Constructing and applying explanatory models in clinical psychology

Julia Pfeiff

In my dissertation project I investigate explanatory models of mental disorders in clinical psychology. One main goal is to understand how clinical psychological research and psychotherapeutic practice affect the construction and development of these models.
I am mainly interested in the influence of two factors on the explanations which are given by clinical psychologists: on the one hand, I want to understand the influence of explanatory demands which are rooted in psychotherapeutic practice on model construction. On the other hand, I investigate the role of theoretical demands from psychological research on the further development of these models.
I propose that, as a result of explanatory demands arising from psychotherapeutic practice, the models in question are set up in a way which primarily uses cognitive vocabulary. As has been suggested by Bolton (2007), psychological models of mental disorders usually normalize the individual’s cognitive and behavioral symptoms. It seems that, in most cases of psychological explanation, we can understand normalization as making the individual’s behavior appear more rational. One of my tasks will be to find out which model of rationality makes sense of this idea that explanatory models normalize the apparently irrational behaviors and thoughts of the patient.

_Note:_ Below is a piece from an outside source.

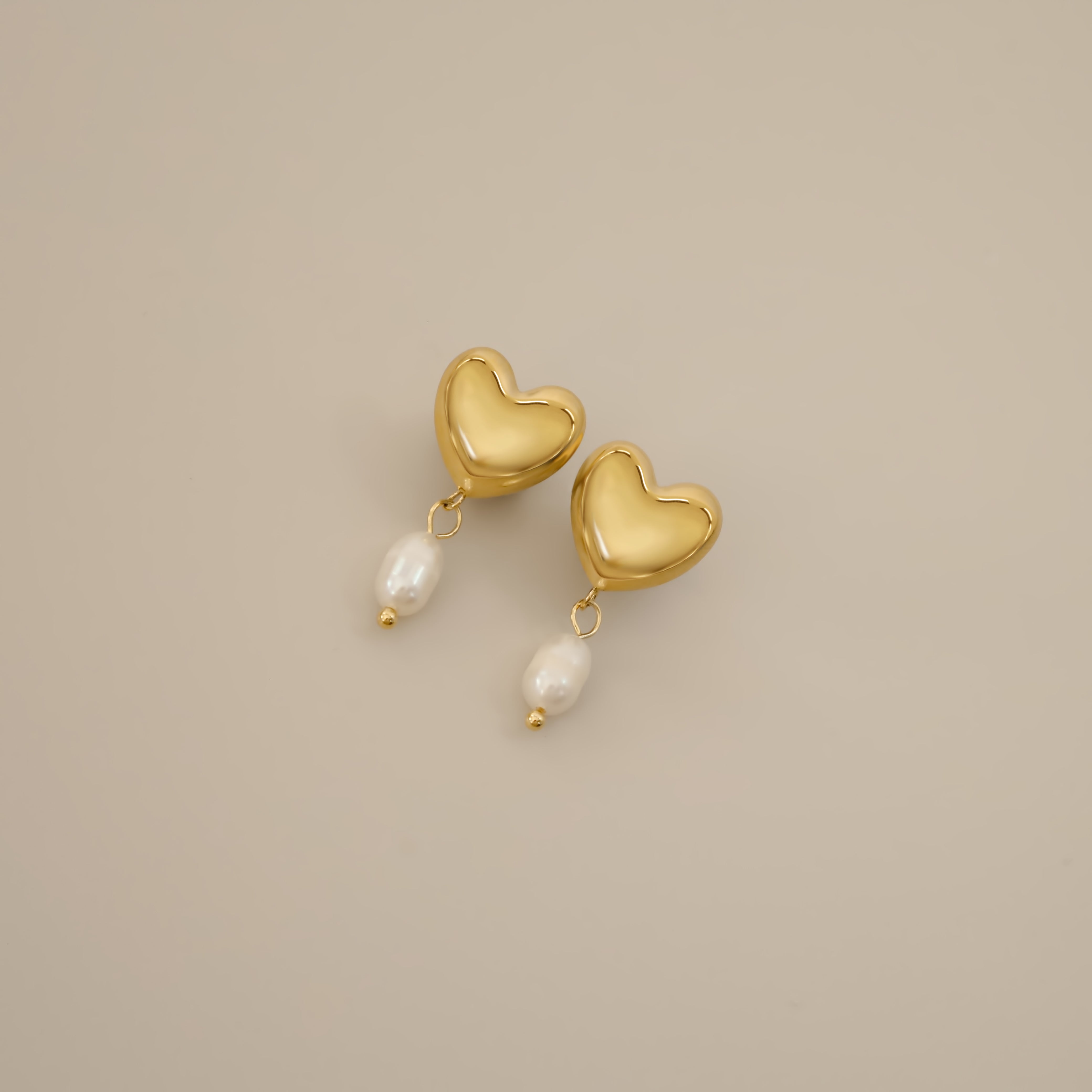 The Ehlani Earrings feature a bubble-like gold heart stud with a natural freshwater pearl drop, creating a delicate balance of elegance and charm. Their soft, rounded silhouette adds a timeless appeal, while the subtle movement of the pearl enhances their refined design. Lightweight and versatile, they are perfect for both everyday wear and special occasions.
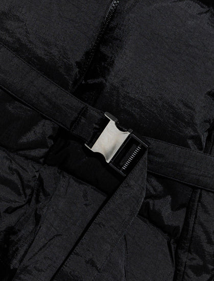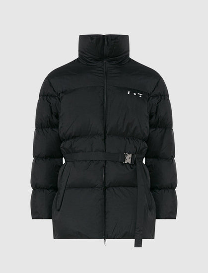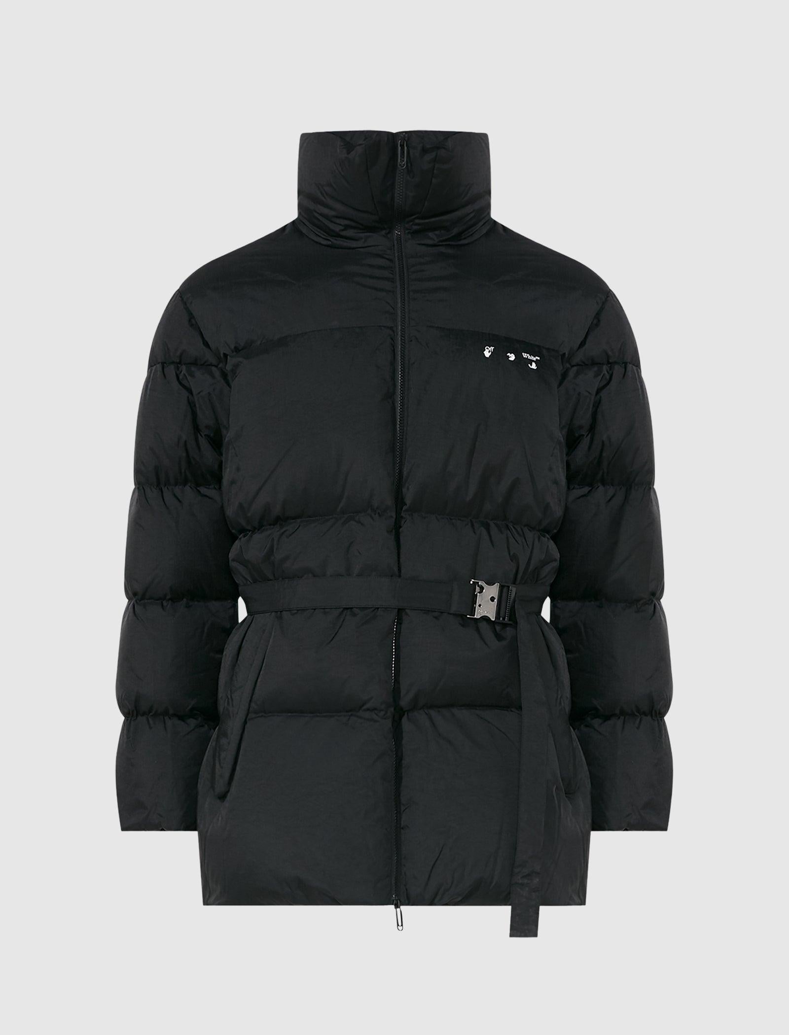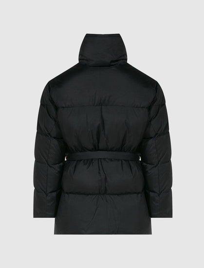 Padded jacket. Funnel neck. Embroidered logo at chest. Belt at waist. Two pockets at sides. Zip closure at front.

Methodologically, I approach these questions in part by analyzing paradigmatic explanatory models (i.e., Beck’s model of Major Depressive Disorder) that are presented to students in psychology textbooks, and in part by conducting qualitative interviews with researchers working in clinical psychology as well as psychotherapists about their explanatory practices.
What I hope to achieve is a better understanding of the consequences of and the potential problems arising from the fact that explanatory models play a central role both in theoretical research and in therapeutic practice.